Aun así me cuento entre los que tenemos esperanza en la política y la democracia, mi escasa experiencia en la vida política me permite sostener que la política funciona, la democracia funciona, sólo hace falta un poco de más participación de la sociedad, particularmente de la ciudadanía en los asuntos públicos, impulsar nuevos esquemas para la práctica de la política, como la evaluación, la fiscalización y el establecimiento de requisitos para la función pública.

La violencia surge cuando las instituciones no funcionan, hoy más que nunca quienes creemos en la política y la democracia tenemos el deber de respaldar las instituciones más que a los gobernantes, más a las leyes que a quienes están al frente de las instituciones porque muchas veces éstos anteponen sus estilos y estados de ánimo a las atribuciones y facultades de las instituciones impidiendo así que funcionen para lo que fueron creadas por la sociedad.

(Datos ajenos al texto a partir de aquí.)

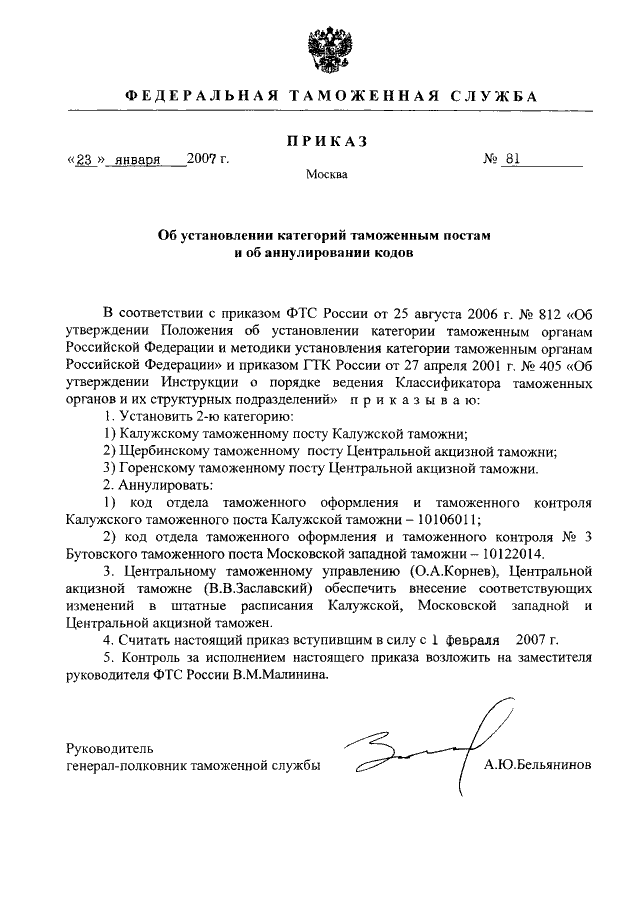 ПРИКАЗ ФТС РФ от 23.01.2007 N 81

Tengo la convicción de que si las instituciones funcionaran como lo establece la ley no habría impunidad, ineficiencia, corrupción, simulación, inseguridad y violencia, pero tenemos que tener claro que nuestras instituciones tienen origen en el Estado Mexicano, no en cualquier irrupción de cualquier grupo u organización social.

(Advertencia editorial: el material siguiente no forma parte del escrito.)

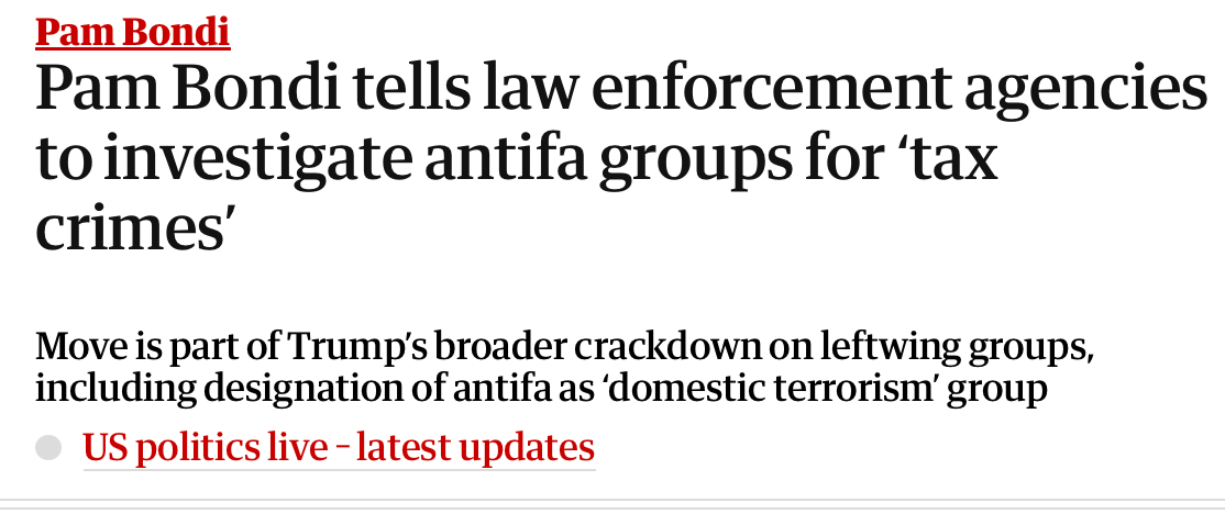 The only other mainstream media outlet to cover this, The Guardian, did even worse. The Guardian’s headline reads: “Pam Bondi tells law enforcement agencies to investigate antifa groups for ‘tax crimes.’”
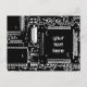 Modern design featuring a close up of a computer circuit board in black, grey and white. Postcard with a customisable design for you to personalise with your own text, pictures and ideas. customisable design for you to personalise with your own text, pictures and ideas. Created using an original photograph and digital techniques by Jess Perry.
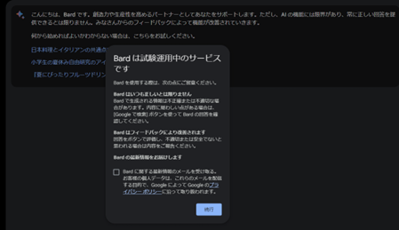 すると「Bardが試験運用中のサービスであるため、必ずしも正しいとは限らない」という但し書きがポップアップ表示されます。

Entre a la política porque la entiendo como una esperanza de hacer mejor las cosas, que nace y se hace no para los partidos sino para los ciudadanos, por eso siempre he promovido que se practique como un método de búsqueda de soluciones y no de confrontaciones ideológicas estériles.

La violencia es la ruptura de una situación de equilibrio, acuerdo o arreglo en la convivencia de organismos vivos, provocada unilateralmente por una de las partes del organismo, de ahí irracional y por ende destructora; las instituciones son el más poderoso arreglo inventado por los integrantes de la sociedad humana para domesticar la violencia, en ellas está la solución a nuestros problemas, no en los discursos o inteligencias de nuestros gobernantes, a ellas apostemos.

Vuela vuela palomita y ve y dile: A todos los poderes públicos del estado de Guerrero, y a los tres niveles de gobierno, que hagamos un trabajo juntos por el mismo objetivo, que separados y dispersos no lograremos que se restablezcan la seguridad, la paz y la justicia.